Purdue University choir

The Purduettes are the primary treble choral ensemble of Purdue University. Formed in 1942, the group typically consists of 50-60 undergraduate collegiate women and performs a variety of jazz, gospel, and swing songs. Similar to the all-male Purdue Varsity Glee Club, the Purduettes are housed within Purdue Musical Organizations, wear matching attire, employ student leadership, and feature smaller groups of members known as Specialites that perform during shows. The group is a featured ensemble annually in the Purdue Christmas Show, and in 2022 the Purduettes celebrated their 80th anniversary. Roughly every 4–5 years the Purduettes tour internationally, most recently to Costa Rica in 2015, and were planning to travel to Italy in spring 2020.

== History ==
Formed in 1942 during the Second World War, the original group of 13 women were chosen by Al Stewart to fulfill the performance schedule of the Purdue Varsity Glee Club when its schedule was curtailed due to the members leaving for service in the war.

Al Stewart took the Purduettes on a tour of the East coast that included a performance at the Eastman Kodak Company in Rochester, New York. The Purduettes were a hit and began entertaining audiences nationwide. Stewart originally designed four costumes for the Purduettes including a simple black and white choir gown and the well-known white satin, off-the-shoulder formal gown.

Although Stewart restored the men's Glee Club as soon as the war was over, the Purduettes had made their mark in history, and the women added a new flare to Purdue Musical Organizations.

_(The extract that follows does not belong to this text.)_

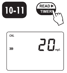 - Nach einigen Sekunden zeigt das Display "-0.0-" an. Das Messgerät ist nun genullt und bereit zur Kalibrierung. Das blinkende "READ" (LESEN) fordert das Ablesen des Kalibrierstandards an.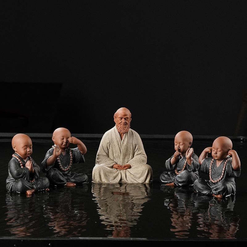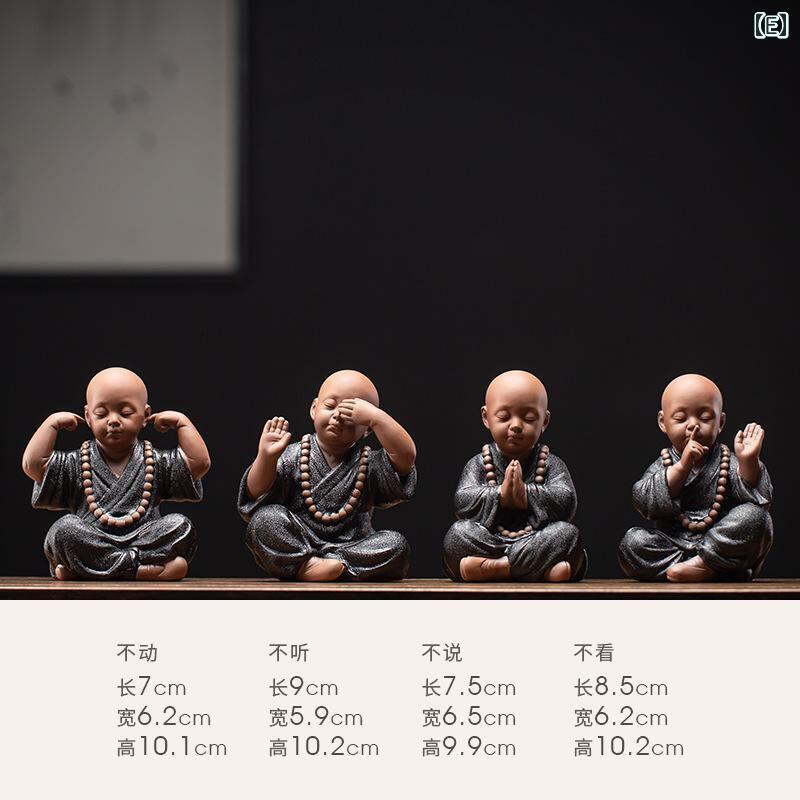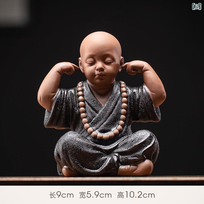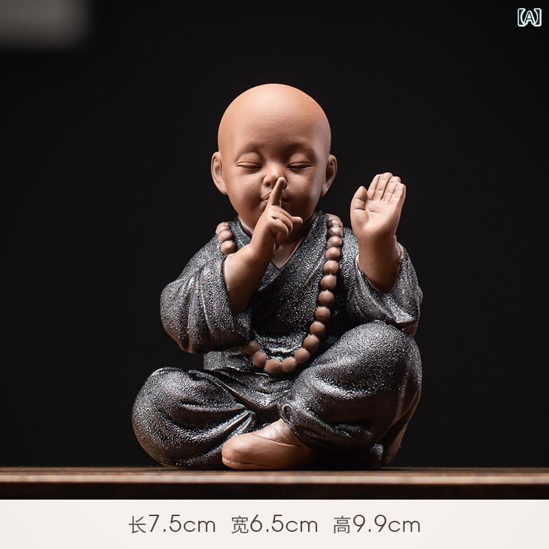 置物 陶器製 かわいい 四不の小僧 沙弥 ミニ仏像 禅意 中国風 和モダン 黒陶 オブジェ 茶室 卓上 インテリア 飾り ティーペット 癒し

Even today, the Purduettes remain the choice group for many audiences.

== Specialty groups ==
Purduette Trio

This group takes inspiration from the stylings of the Andrews and McGuire sisters as well as the big band and swing sounds of the '40s and '50s.

The Remedy

The Remedy sings a variety of sacred and secular Americana music.

Lonely Hearts

This group sings a wide variety of music, from girl groups of the 1960s to movie tunes to contemporary pop, jazz and Latin hits. While performing the songs of Etta James to Sara Bareilles to Imelda May, the Lonely Hearts maintain a style, groove and sense of moxie that audiences love.